[Task description] Pictures excluded, output the lines of the data below between the one holding "5月8日(火)、今日の献立は" and the one holding "Производитель NOVITET (Нови", inclusive, exactly as they stand.

----- Data extract

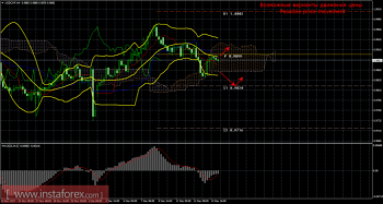 Швейцарская валюта полностью соответствовала общей тенденции четверга. Не сумев преодолеть нижнюю границу облака Ишимоку, цена отскочила от нее и начала восходящую коррекцию. Волатильностью минувшего дня составила 65 пунктов, несмотря на то что макроэкономических событий вчера было предостаточно. Это и решения (а точнее отсутствие оных) ЕЦБ, это и решение Национального Банка Швейцарии оставить ключевую ставку без изменений на отрицательном уровне -0,75%. Это и достаточно большое количество макроэкономических событий в Америке. Тем не менее, все торги валютной пары вчера прошли как по учебникам технического анализа. После отскока от линии Сенкоу Спан Б, цена скорректировалась к линии Киджун-сен и, не сумев ее преодолеть, теперь может возобновить движение вниз. Таким образом, сигнал на продажу от Ишимоку остается в силе, однако, до закрепления цены ниже облака, рассматривать шорты не рекомендуется. Полосы Боллинджера свидетельствуют о нисходящей тенденции по инструменту. В последние торговый день недели макроэкономических событий в мире практически не будет, поэтому волатильность инструмента может еще снизиться, а неделя завершиться ровно и спокойно.
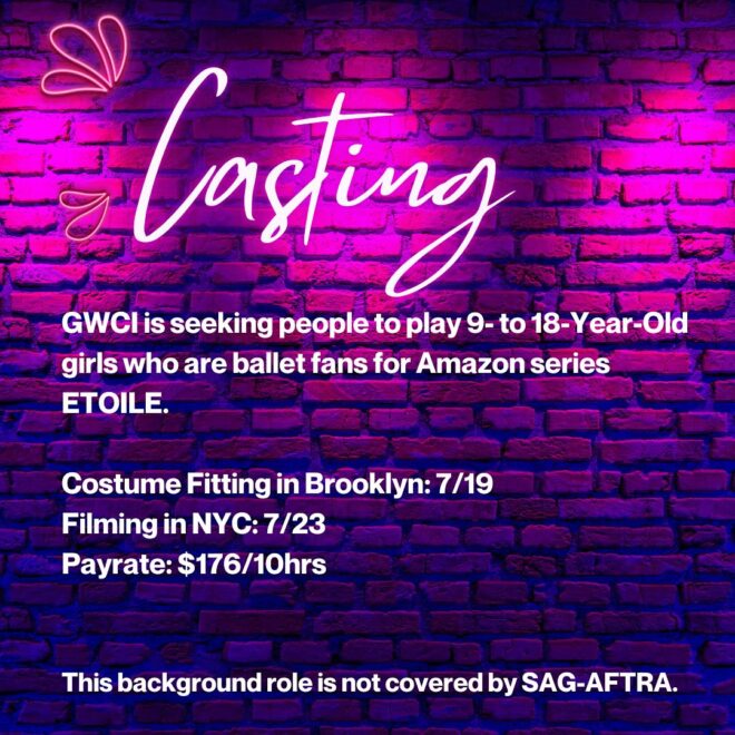 GWC is casting girls to portray ballet fans for a new Amazon project, currently named “Etoile” – filming in the New York City area.
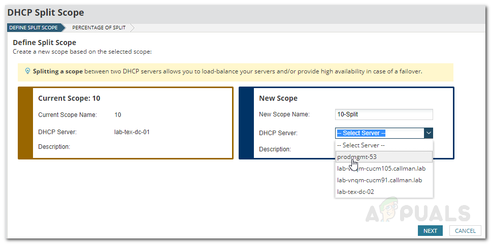 Defining Split Scope - Select the server for which you are trying to split the range and then click the Next button.
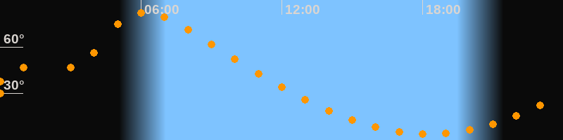 | Höchster Stand (Kulmination) | 06:16 Uhr (h = 82,4°) |
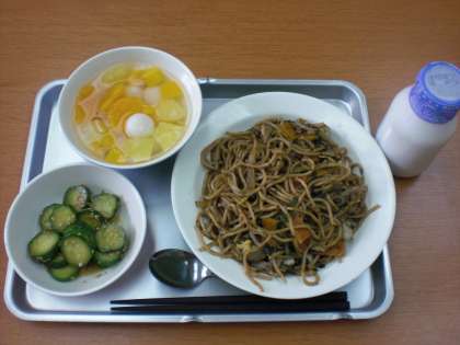 5月8日(火)、今日の献立は、ソース焼きそば、きゅうりの中華味、フルーツ白玉、牛乳です。
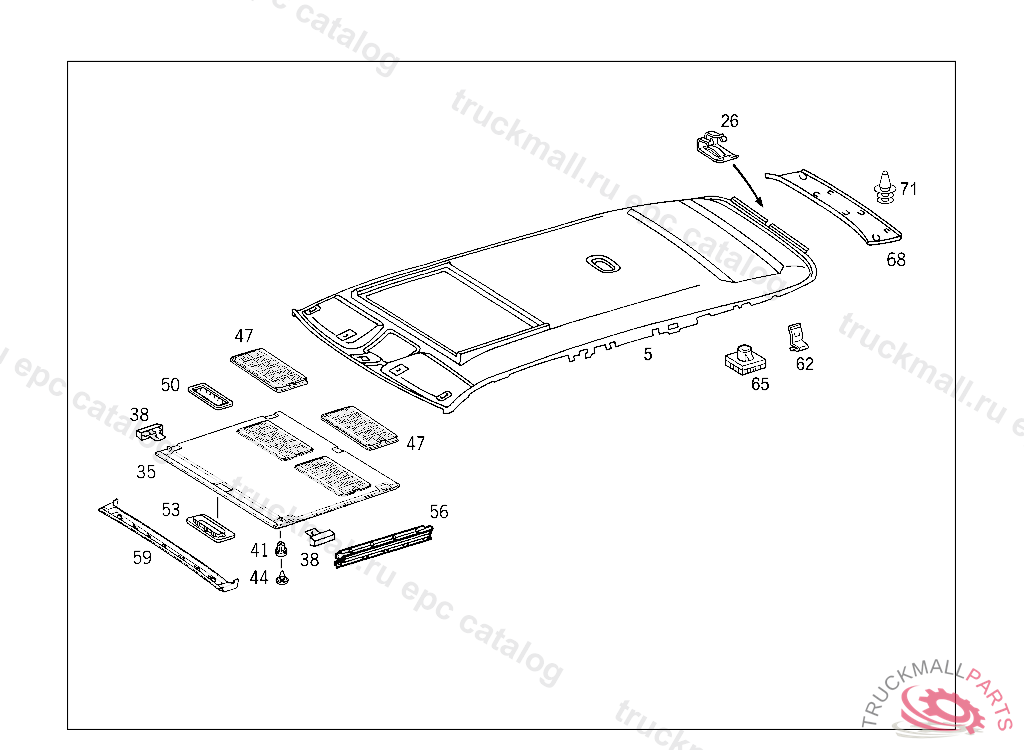 HEADLINER , FIRST EXHAUST STOCK OF OLD PARTS UP TO IDENT NO. A 195029 , J 028149, Replaced By: A2106903250
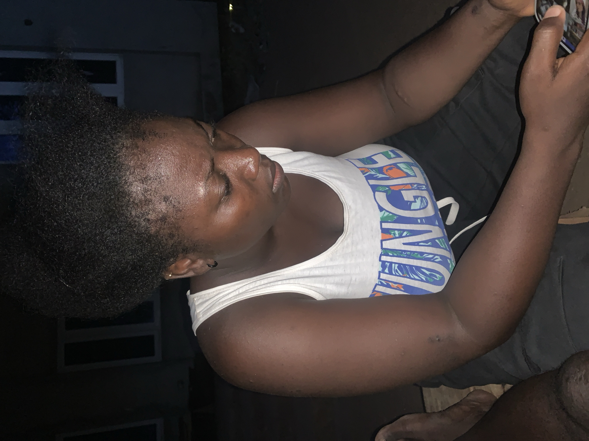 dark-skinned person in an unknown city, looking down at a mobile phone. The person is wearing a white tank top with a blue and orange design. Their arms are raised, holding the phone. The background is dark, with a building visible on the left side.
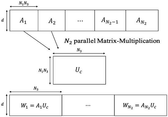 GPUs have massive parallelism and high memory bandwidth, and many existing research works [20,21,22,23,24] have demonstrated the benefit of utilizing GPUs to accelerate general purpose computing. Due to the high dimensions of tensors, tensor computations are often computation-intensive and time consuming. Recently, GPUs have been increasingly adopted to accelerate diverse tensor computations. Some works focused on accelerating specific tensor operations including tensor contraction [25,26], factorization [27], transpose [28,29], and tensor-matrix multiplication [30]. These works propose parallel tensor algorithms specifically optimized for the GPU architectures. GPUTENSOR [31] is a parallel tensor factorization algorithm that splits a tensor into smaller blocks and exploits the inherent parallelism and high-memory bandwidth of GPUs. To handle dynamic tensor data, GPUTENSOR updates its previously-factorized components instead of recomputing them from the raw data. Sparse tensor-times-dense matrix multiplication is a critical bottleneck in data analysis and mining applications, and [32] proposed an efficient primitive on CPU and GPU platforms. Different from these works, our work considers the tensor sensing based on the transform tensor model for RF tomographic imaging.
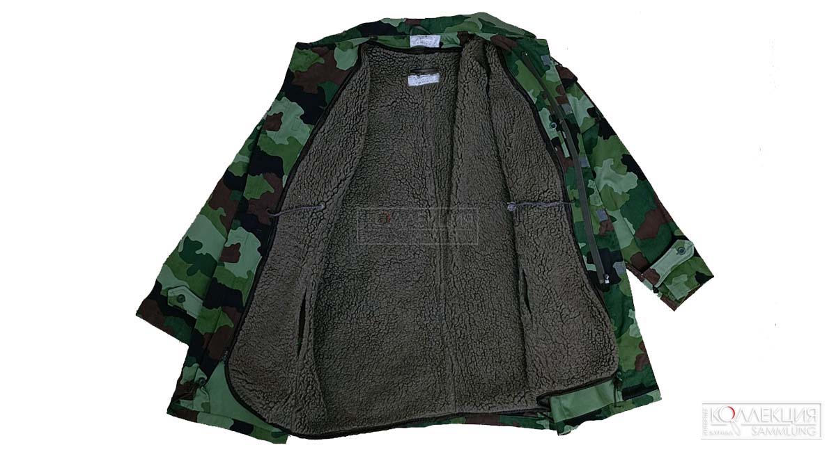 Производитель NOVITET (Нови Сад), 1999 год. Характерный бушлат М-93 пошит из камуфляжа «Дубовый лист». Китель имеет этикетку производитель с шифром СНО 8566 и с указанием модели М-93.
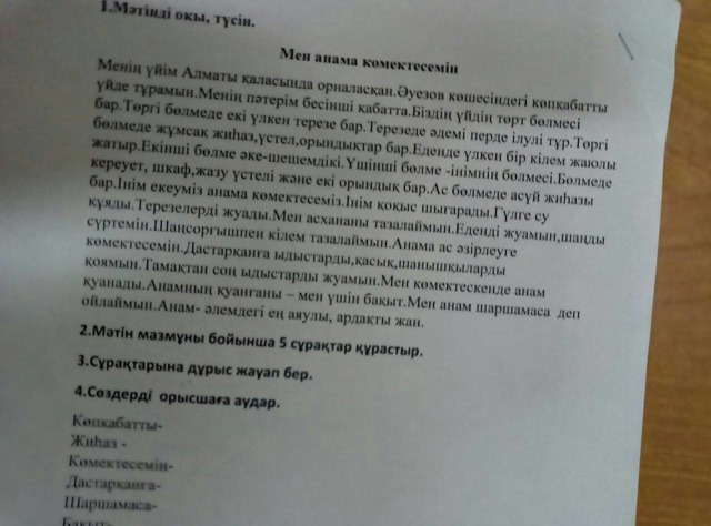 мен үйде жинаймын.Терезелерді сүртем.Тамақтан кейін ыдысты жуамын.
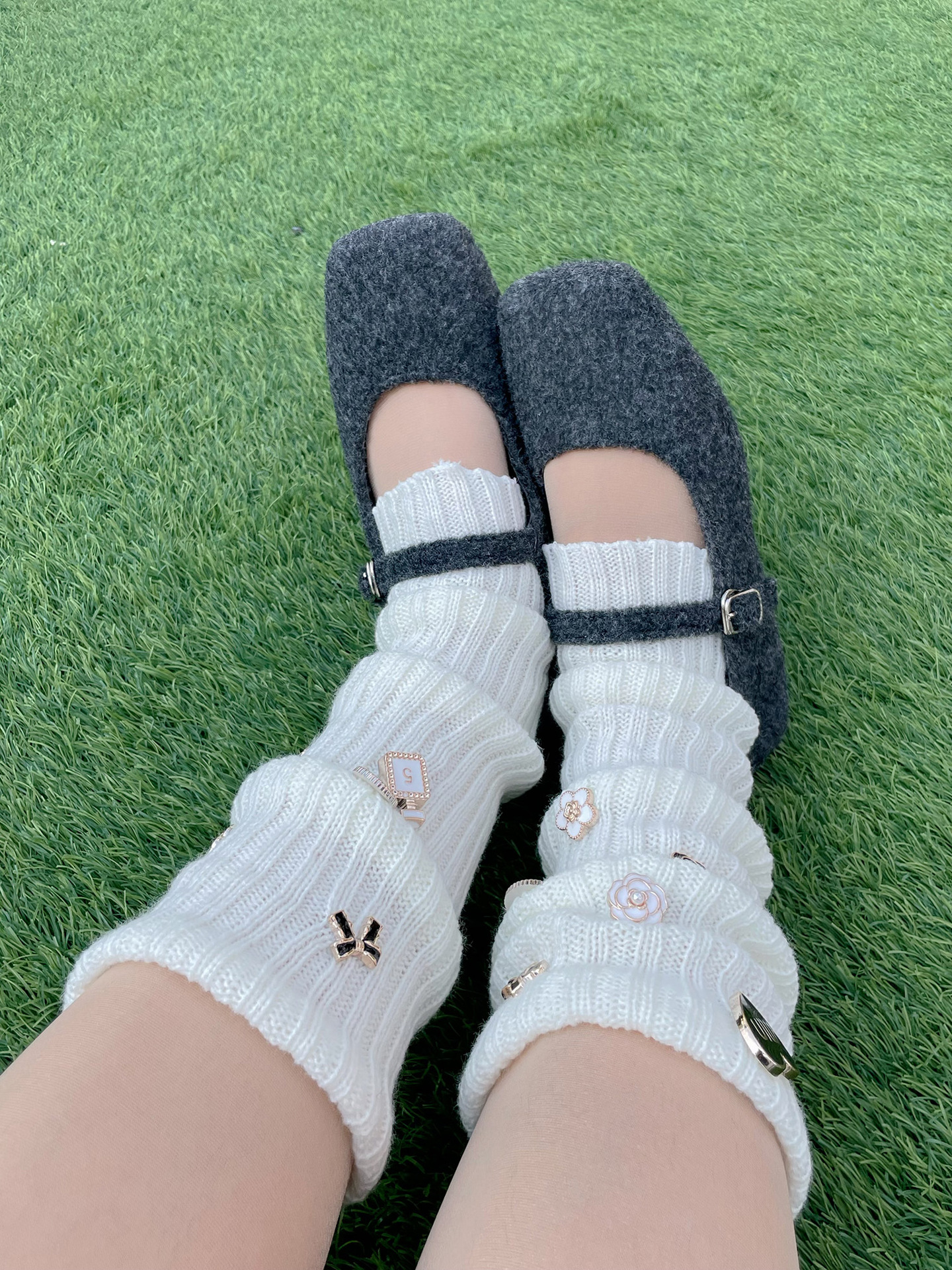 표준 솔리드 컬러 다리 세트 가을과 겨울 YK2 울 수직 패턴 넓은 다리 세트 달콤한 중간 튜브 스택 양말
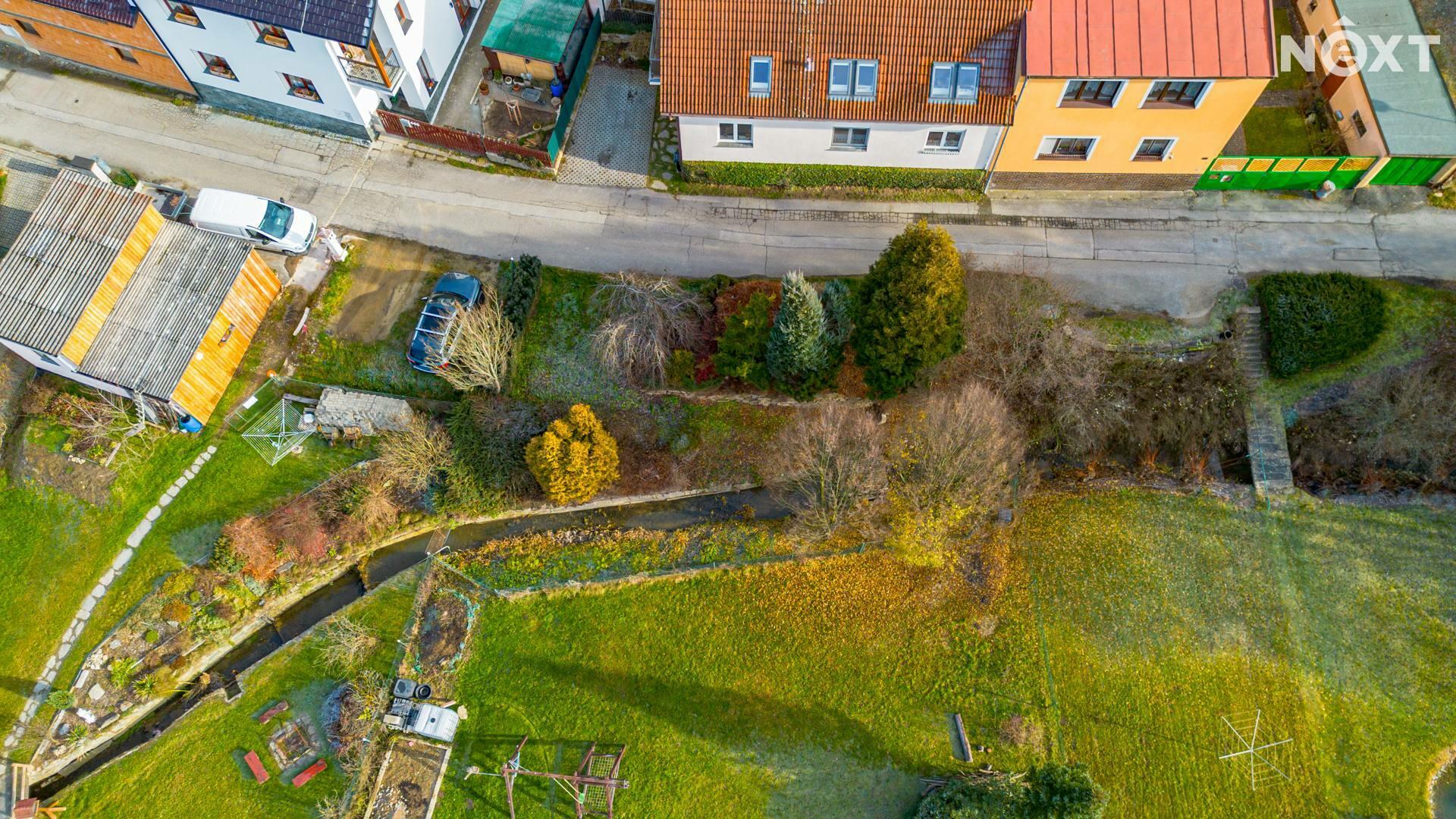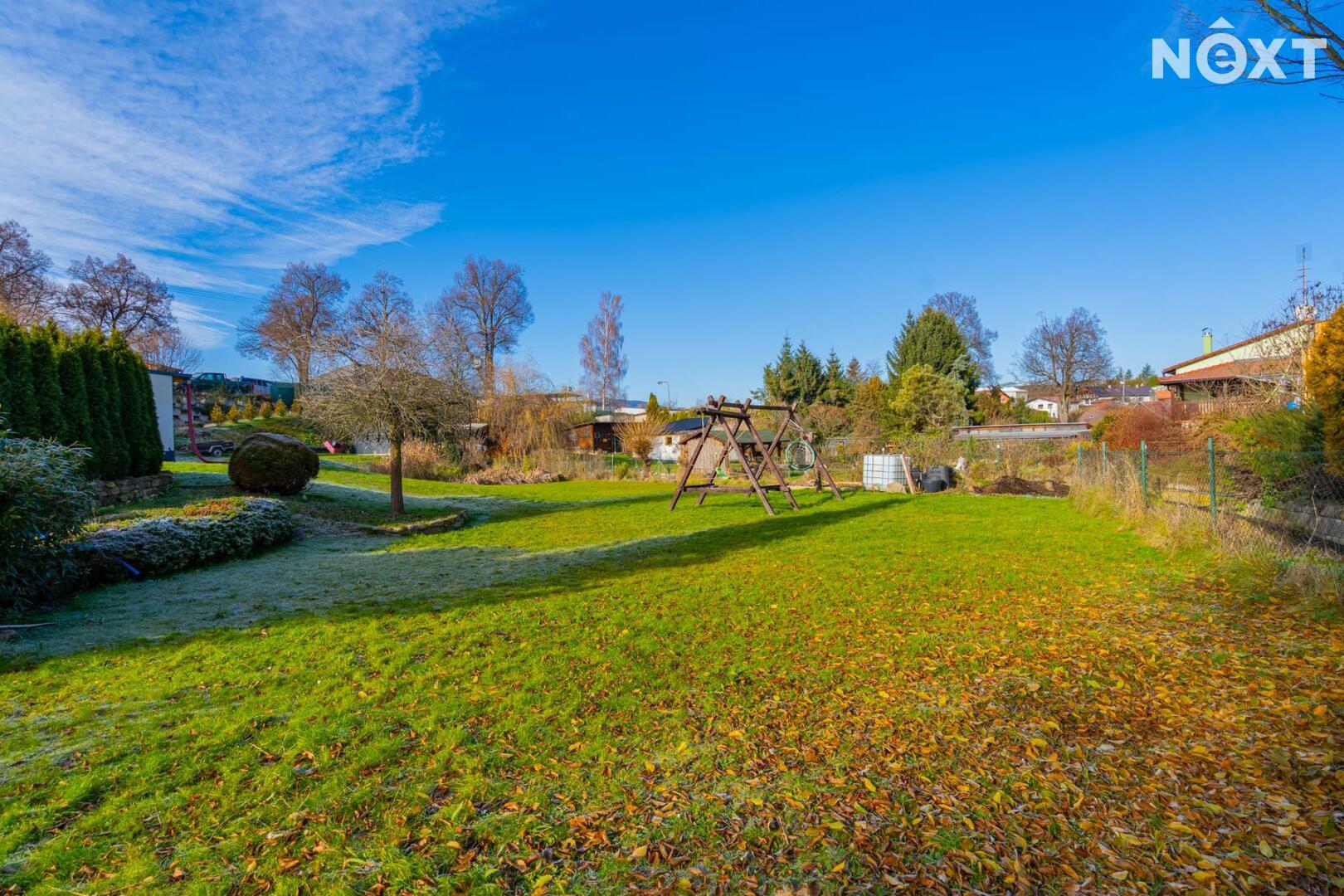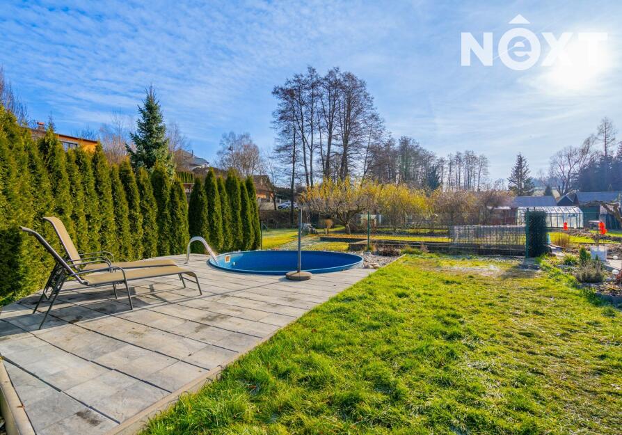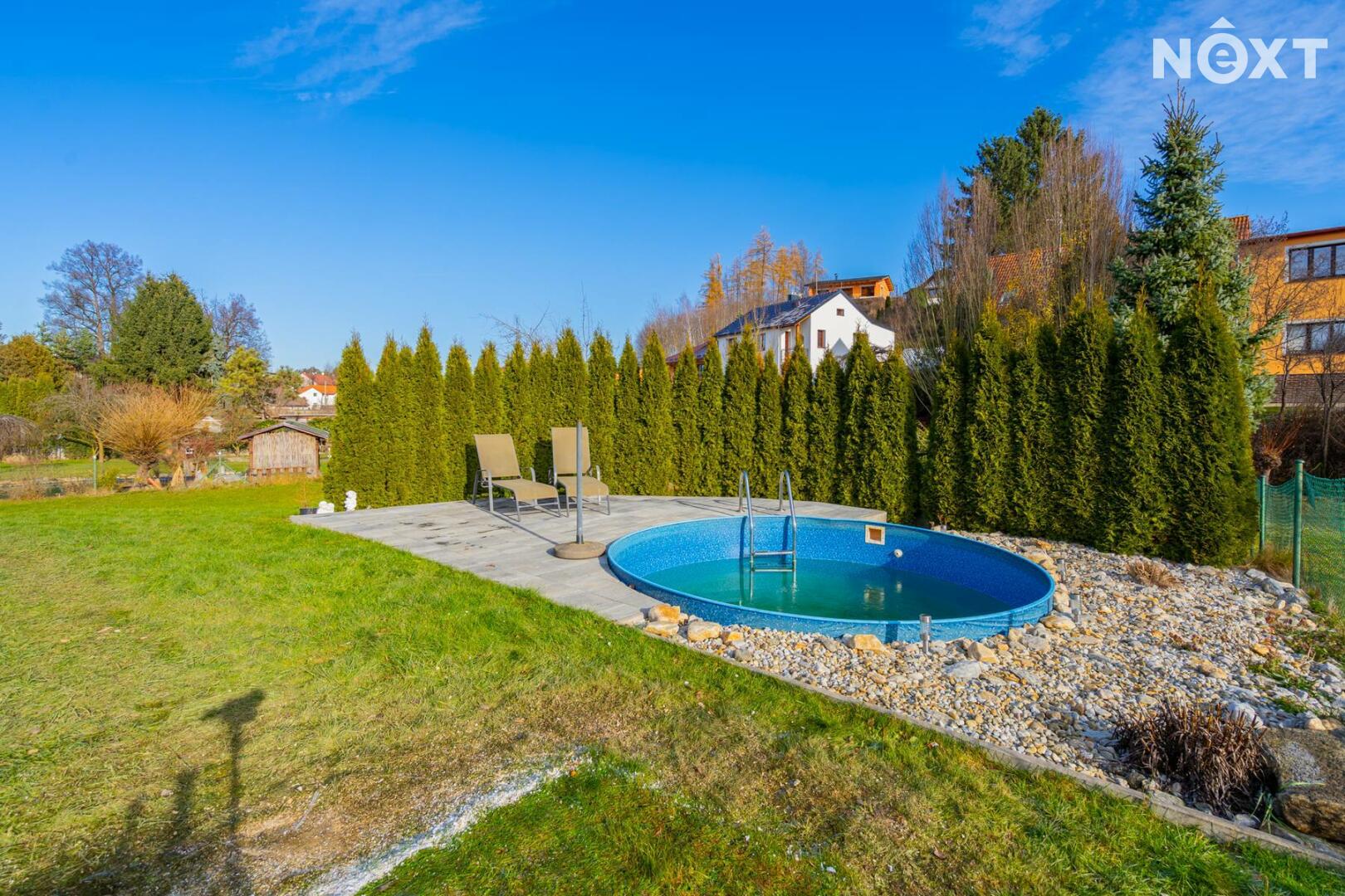 Na pozemku je vlastní studna s pitnou vodou a čistička odpadních vod. Zahrada nabízí příjemné soukromí a dost místa pro rodinný život – je zde terasa zastíněná stromy, bazén, dětské hřiště, zahradní domek na techniku a další úložný prostor. Pozemkem protéká potůček a za ním se nachází možnost dalšího parkování. Dům má tedy dva nezávislé příjezdy.

----------

[Completed exercise]
 5月8日(火)、今日の献立は、ソース焼きそば、きゅうりの中華味、フルーツ白玉、牛乳です。
 HEADLINER , FIRST EXHAUST STOCK OF OLD PARTS UP TO IDENT NO. A 195029 , J 028149, Replaced By: A2106903250
 dark-skinned person in an unknown city, looking down at a mobile phone. The person is wearing a white tank top with a blue and orange design. Their arms are raised, holding the phone. The background is dark, with a building visible on the left side.
 GPUs have massive parallelism and high memory bandwidth, and many existing research works [20,21,22,23,24] have demonstrated the benefit of utilizing GPUs to accelerate general purpose computing. Due to the high dimensions of tensors, tensor computations are often computation-intensive and time consuming. Recently, GPUs have been increasingly adopted to accelerate diverse tensor computations. Some works focused on accelerating specific tensor operations including tensor contraction [25,26], factorization [27], transpose [28,29], and tensor-matrix multiplication [30]. These works propose parallel tensor algorithms specifically optimized for the GPU architectures. GPUTENSOR [31] is a parallel tensor factorization algorithm that splits a tensor into smaller blocks and exploits the inherent parallelism and high-memory bandwidth of GPUs. To handle dynamic tensor data, GPUTENSOR updates its previously-factorized components instead of recomputing them from the raw data. Sparse tensor-times-dense matrix multiplication is a critical bottleneck in data analysis and mining applications, and [32] proposed an efficient primitive on CPU and GPU platforms. Different from these works, our work considers the tensor sensing based on the transform tensor model for RF tomographic imaging.
 Производитель NOVITET (Нови Сад), 1999 год. Характерный бушлат М-93 пошит из камуфляжа «Дубовый лист». Китель имеет этикетку производитель с шифром СНО 8566 и с указанием модели М-93.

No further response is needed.